# [EXTRACTED INFORMATION]
○ ○ ○ ○

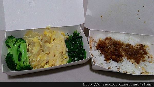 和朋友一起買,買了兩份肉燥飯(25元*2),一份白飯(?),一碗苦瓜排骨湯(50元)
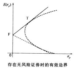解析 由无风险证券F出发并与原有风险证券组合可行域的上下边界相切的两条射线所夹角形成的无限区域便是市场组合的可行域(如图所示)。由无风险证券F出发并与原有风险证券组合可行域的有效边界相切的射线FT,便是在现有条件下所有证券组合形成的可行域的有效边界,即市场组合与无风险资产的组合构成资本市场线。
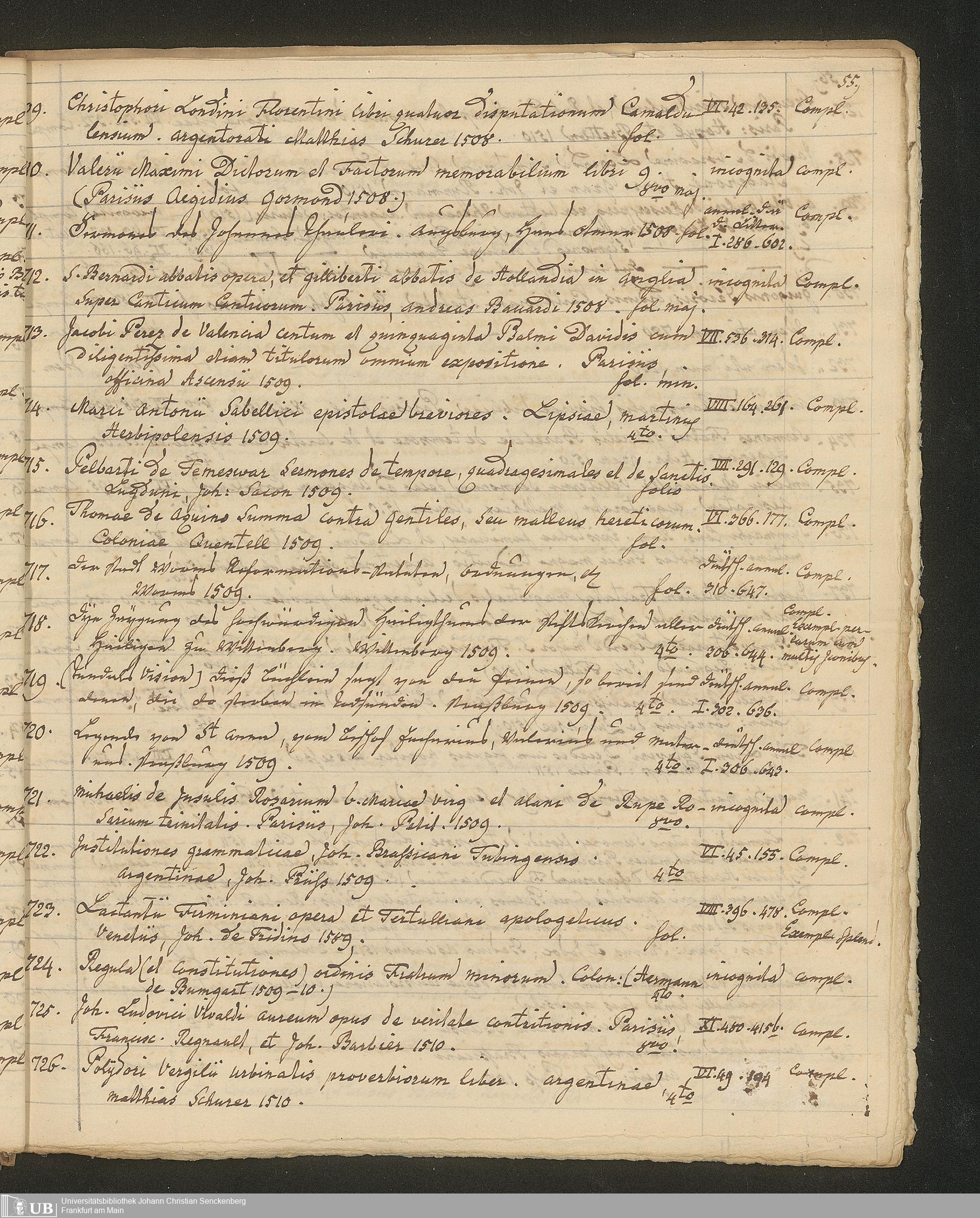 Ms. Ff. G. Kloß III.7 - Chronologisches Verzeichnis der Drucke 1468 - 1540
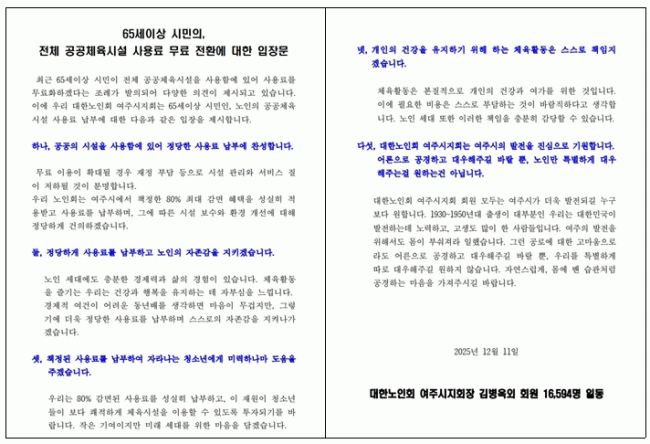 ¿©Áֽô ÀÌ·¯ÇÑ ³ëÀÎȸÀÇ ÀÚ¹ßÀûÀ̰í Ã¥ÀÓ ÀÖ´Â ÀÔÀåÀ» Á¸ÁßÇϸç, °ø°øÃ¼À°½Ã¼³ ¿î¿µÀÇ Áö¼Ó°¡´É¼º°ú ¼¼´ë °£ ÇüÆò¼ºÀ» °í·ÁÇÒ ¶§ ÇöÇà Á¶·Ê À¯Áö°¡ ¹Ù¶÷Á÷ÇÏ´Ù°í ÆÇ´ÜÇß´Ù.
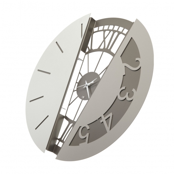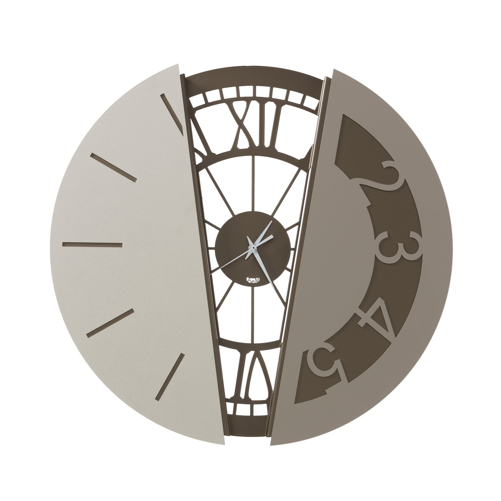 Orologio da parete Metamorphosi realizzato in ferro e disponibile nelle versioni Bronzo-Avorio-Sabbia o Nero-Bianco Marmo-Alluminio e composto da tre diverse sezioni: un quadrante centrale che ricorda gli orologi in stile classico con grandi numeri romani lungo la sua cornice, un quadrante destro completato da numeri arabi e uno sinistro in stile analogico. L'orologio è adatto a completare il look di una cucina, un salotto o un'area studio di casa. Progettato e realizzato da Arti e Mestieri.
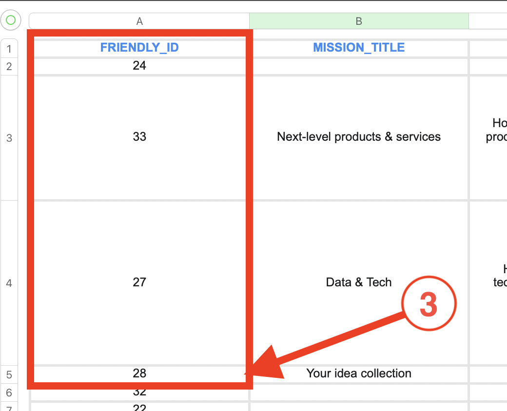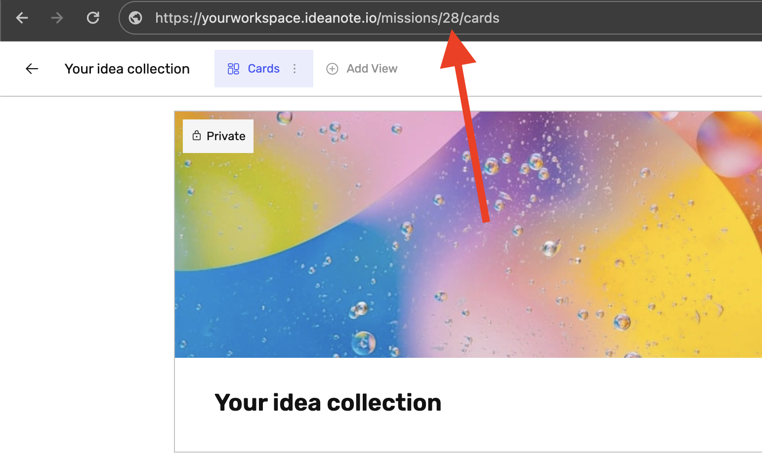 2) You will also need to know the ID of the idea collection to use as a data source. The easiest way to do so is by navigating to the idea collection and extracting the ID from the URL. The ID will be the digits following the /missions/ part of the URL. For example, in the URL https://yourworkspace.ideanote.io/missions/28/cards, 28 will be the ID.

○ ○ ○ ○

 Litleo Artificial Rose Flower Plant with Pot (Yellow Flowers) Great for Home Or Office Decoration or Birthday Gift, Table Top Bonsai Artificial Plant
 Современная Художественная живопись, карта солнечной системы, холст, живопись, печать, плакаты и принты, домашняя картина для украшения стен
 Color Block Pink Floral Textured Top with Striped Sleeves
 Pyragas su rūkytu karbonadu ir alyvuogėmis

○ ○ ○ ○

# [TRY IT]
Count every line in the data where the string "with" occurs. Give nothing except the number.

# [EXERCISE OUTPUT]
2